A primeira imagem aqui é, claramente, um matadouro. O segundo requer um olhar mais atento: cada frango é composto por uma cabeça e pernas afixadas a uma parte de frango cortada de um anúncio de supermercado. Algumas pessoas ficam consternadas com essas imagens e sua aparente desconexão de sua comunidade humana. Eu? Adoro eles. Eu amo sua falta de antropocentrismo. Eu a amo "pensamento divergente".

Mas também entendo que sua perspectiva é parte de seu autismo. Não acredito que ela seja capaz de elevar os seres humanos a uma posição separada e especial, para melhor e pior. Ela não é arrogante sobre a maneira como ela trata outras criaturas (bom, diz o ambientalista em mim), mas eu me pergunto se isso é porque ela não experimenta um primado em suas conexões humanas (angustiado, diz a mãe que a adora). Assim como ela ouve todos os sons de forma igual, incapaz de filtrar o ruído que a maioria de nós reconhece como irrelevante e, portanto, ignora, todos os elementos de seu ambiente recebem a mesma atenção.

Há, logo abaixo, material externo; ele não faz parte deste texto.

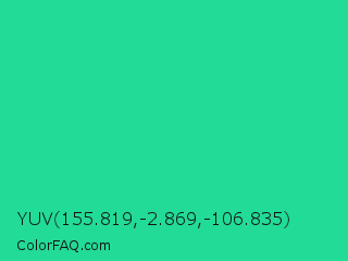 YUV 155.819,-2.869,-106.835 Color is a normal green color and the nearest color is Shamrock #33cc99. Hex code #22db96 and RGB value is rgb(34,219,150). In RGB color space, this color is composed of 13% red, 86% green, 59% blue, In CMYK color space, this color is composed of 84% cyan, 0% magenta, 32% yellow , 14% black , In HSL color space, this color has a hue angle of 158° , 73% saturation and 50% lightness.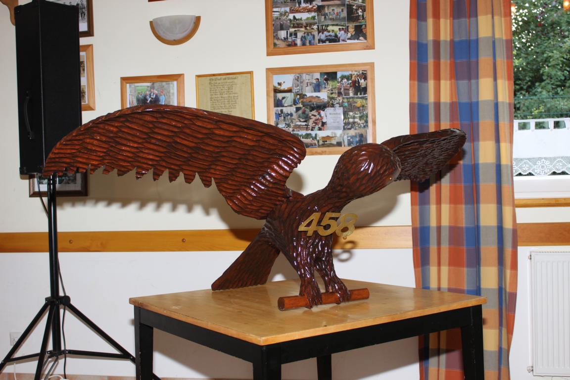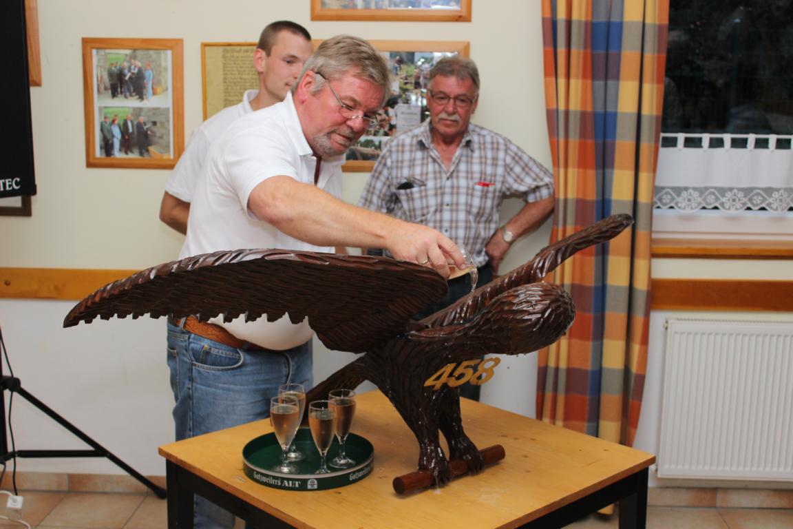 Der Höhepunkt des Abends ließ nun nicht mehr lange auf sich warten. Nach einer kurzen Pause versammelten sich wieder alle Schützen gespannt im Saal und lauschten den Worten von Reiner Schenk. Nach einem kurzen historischen Exkurs auf die Zeit rund um das Jahr 1925 stieg die Spannung spürbar. Fast 60 Stunden Arbeit stecken im Bau des Schützenvogels. Mit rund 12 kg Gewicht ist den Vogelbauern auch in diesem Jahr wieder ein Prachtexemplar gelungen und während seines kurzen Lebens hört der Greif in diesem Jahr auf den Namen: Habicht von der Vogelruthe.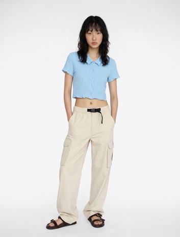 Klasik Yaka Düğmeli Bürümcük Dokulu Kısa Kollu Tişört Sepete Ekle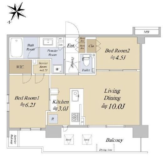 間取り | 2LDK+WIC | 専有面積 | 54.58m2 |
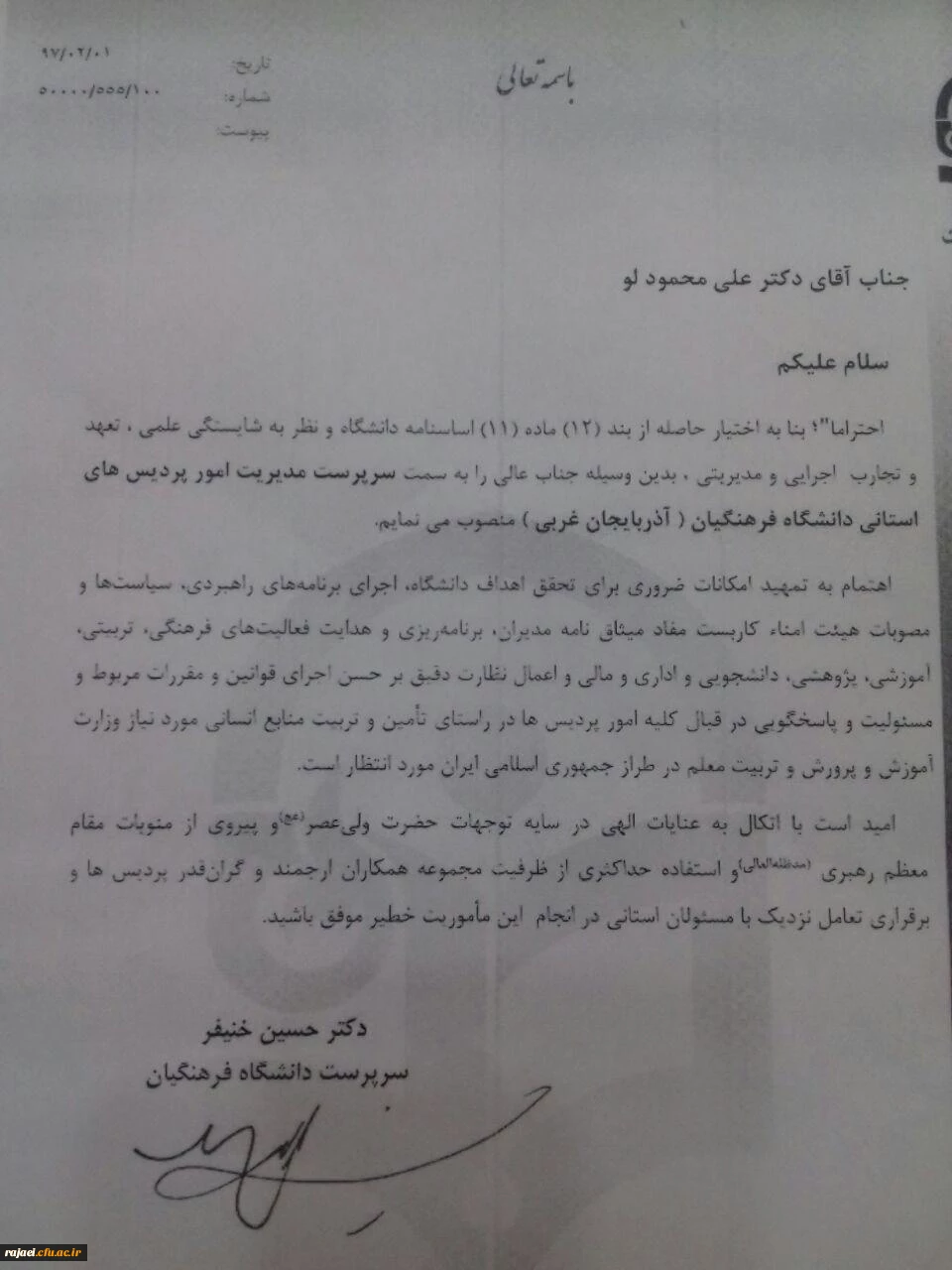 انتصاب دکتر محمودلو به عنوان سرپرست جدید مدیریت امور پردیس های استان آذربایجان غربی

De volta à criatividade. Pelo que posso dizer, o estudo referenciado pediu aos participantes que gerassem idéias apenas sobre objetos estáticos, por exemplo, clipes de papel e imagens abstratas. Esperava-se que os espectadores criassem seu próprio contexto; os objetos não foram definidos, circunscritos, pelo seu papel em uma imagem maior. A pesquisa mostra que as pessoas com autismo têm dificuldade em interpretar suas experiências dentro do contexto (veja, por exemplo, Vermeulen, P., Autismo como Cegueira do Contexto ), enquanto a maioria de nós identifica habitualmente objetos por sua relação com outros elementos de uma situação. Por exemplo, podemos distinguir entre um sal e um agitador de açúcar pela presença ou ausência de um agitador de pimenta ou uma panela de café. Portanto, não deve ser surpreendente que, quando as pessoas autistas são exibidas imagens em um contexto sem contexto, elas podem visualizar contextos que geralmente não são associados a esses objetos.

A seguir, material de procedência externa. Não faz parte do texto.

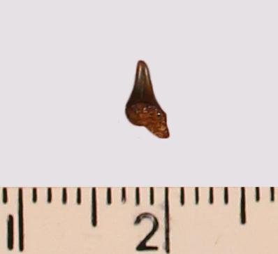Зуб (фрагмент). Акула. Odontaspis macrorhiza (Cope) Leriche, 1902. Классификация: Хордовые Chordata, Позвоночные Vertebrata, Хрящевые рыбы Chondrichthyes, Пластиножаберные Elasmobranchii, Акулы Selachii, Ламнообразные Lamniformes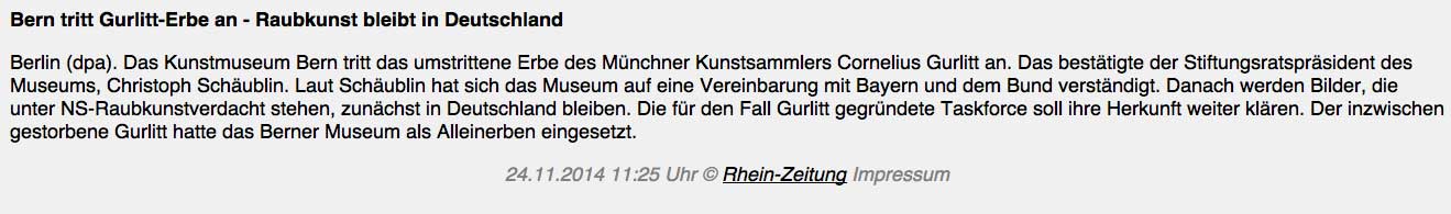Was die das traurige Gerangel der Medien, Juristen und Politiker um die Bilder betrifft, als Zeugen und Akteure des Marktes, wird es auf das Konto jüdische Selbstbeschädigung und Förderung eines tragischen Antisemitismus gehen. Die Bilder selbst hätten als Zeugnis der Geschichte verstanden und als Einheit zusammenbleiben und ausgestellt werden müssen. Am Besten dort, wo sie damals nicht hindurften: im Haus der Kunst in München oder im Zentrum Berlins: im wiederenststehenden Schloss. Mehr Geschichte geht nicht. Mit Anteil und Geschichte aller als Rettungsaktion. Der Kunst durch die Kunst. Ein Installation. Die deutsche Selbstbeschädigung ist sträflich.
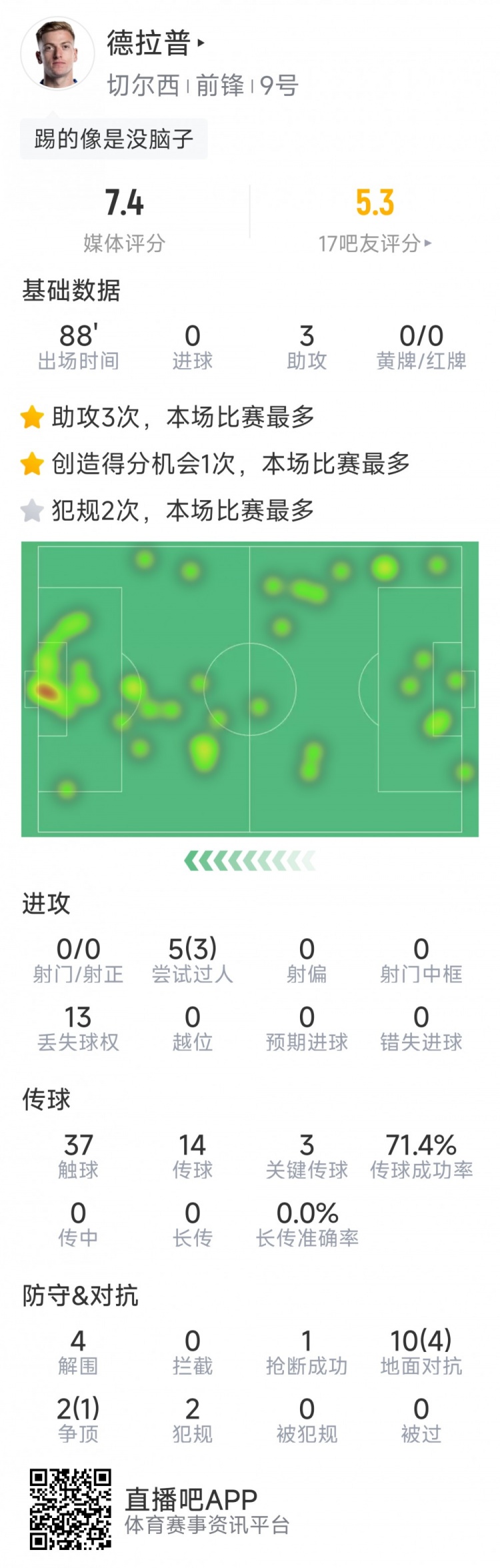 2月14日讯 在本轮足总杯,切尔西4-0击败赫尔城,德拉普助攻戴帽,以下为他在本场数据:

Quando Howard Gardner publicou seu livro Frames of Mind: A Teoria das Inteligências Múltiplas em 1983, ele revolucionou a forma como os educadores e os psicólogos pensam sobre a inteligência. Em vez de medir apenas o raciocínio verbal e matemático-matemático, como o famoso teste de QI de Stanford-Binet, Gardner sugeriu que todas as pessoas possuam pelo menos oito modalidades de inteligência. Entre eles estão a inteligência musical-rítmica, interpessoal e cinestésica-física. Todos nós possuímos inteligências mais fortes em algumas modalidades, e cada indivíduo é único. Gardner nos ensinou que uma criança não precisa ganhar boas notas em leitura e matemática para ser inteligente ou para ter o potencial de sucesso.

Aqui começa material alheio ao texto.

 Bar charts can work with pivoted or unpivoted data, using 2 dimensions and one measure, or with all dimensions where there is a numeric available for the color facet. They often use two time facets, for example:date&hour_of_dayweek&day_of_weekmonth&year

Espero que este estudo de pesquisa sobre criatividade faça parte de uma transformação semelhante na forma como entendemos a criatividade. Algumas pessoas criativas podem compor contos fantásticos e altos. Outros podem remodelar o universo em suas mentes, porque não são limitadas pela sabedoria convencional. Outras pessoas criativas podem. . . quem sabe? Eu acredito que as pessoas autistas muitas vezes têm um presente criativo que merece uma celebração. Precisamos parar de encontrá-lo.